[ClusterLabs] Cluster is not promoting DRBD resource to master

Sun Oct 1 12:43:55 EDT 2017

On Fri, 2017-09-29 at 11:36 +0300, Octavian Ciobanu wrote:
> Hello all.
> I've encountered another strange behavior after updating to CentOS
> 7.4. The DRBD resource is no longer promote one node to Master,
> instead both nodes are stuck in Slave.
> 
> The configuration is based on 2 nodes running drbd as cluster
> resource. The resource is configured as Master/Slave.
> 
> The resource is configured with the following commands
> pcs resource create Storage-DRBD_Resource ocf:linbit:drbd
> drbd_resource="ClusterDisk" op start interval="0" timeout="240" op
> stop interval="0" timeout="120" op monitor role="Master"
> interval="10" timeout="20" op monitor role="Slave" interval="20"
> timeout="20"
> pcs resource master Storage-DRBD Storage-DRBD_Resource master-max="1" 
> master-node-max="1" clone-max="2" clone-node-max="1" notify="true"
> If I issue the drbd-admin status I get that both resources are
> UpToDate.

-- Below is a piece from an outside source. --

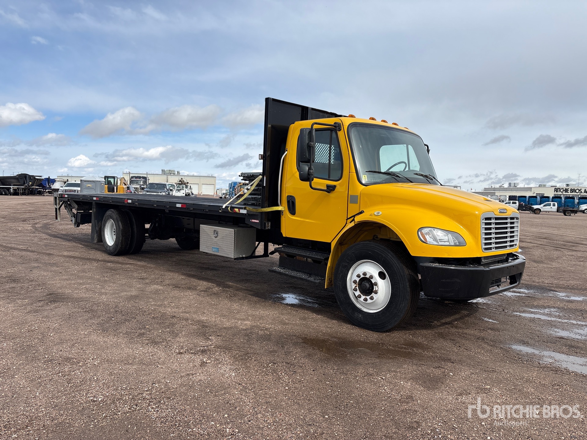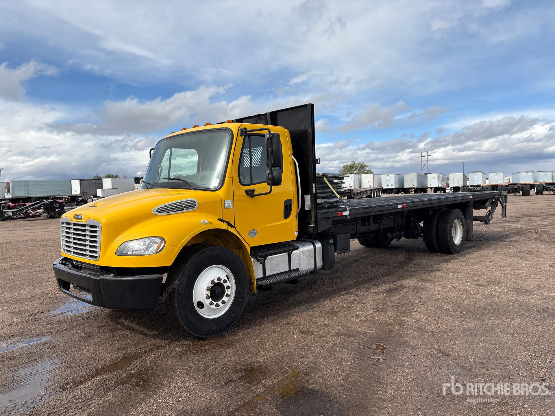 Located in Lane 14 Spot 1, Cummins B6.7 6 Cylinder 6.7 L Diesel 220 hp Engine, 2018 US EPA Label, Requires Diesel Exhaust Fluid, Eaton Fuller EDCO-6F107A Automatic Transmission, 10000 lb Front Axle, 19000 lb Rears, 5.56:1 Axle Ratio, 26000 lb GVWR, 11R22.5, Airliner Air Ride Suspension, 270 in Wheelbase, 26 ft 4 in x 97 in Bed, Liftgate
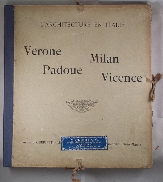 In-4 (30 cm) 1 cartella (2) 50 c. (di tav.) (invece di 51) Non rilegate, ma raccolte in una cartella editoriale in mezza tela chiusa da laccetti; sul piatto anteriore tassello "C. Crudo & C. Società Italiana di Edizioni Artistiche Torino 11, via S. Franc. Da Paola, 11". Manca tavola n. 51 (Palais Valmarana). 51 illustrazioni rappresentanti le opere più importanti di queste quattro città italiane. Ottime condizioni. Lingua francese

If I stop the cluster and start resource manually it starts
> with no error and if I promote one node to Primary it is promoted
> without any fuss. So the issue, from what I see, is not with DRBD.
> 
> Any hints on how to make it work are welcome.

One of the nodes at the time will be the DC -- its logs will have more
"pengine:" messages. In those messages will be a list of actions to
take (or not). In this case, you'll see that it decided to "Leave" the
resource in Slave mode on both nodes. At the end of that, it will list
a PE file name (pe-input/pe-warn/pe-error).

If you grab that file, you can run "crm_simulate -Sx $FILENAME" to get
more information about the cluster's decision-making. If you use "-Ssx" 
you'll get even more information. It's not very user-friendly though;
if you can't make sense of it, attach the PE file here.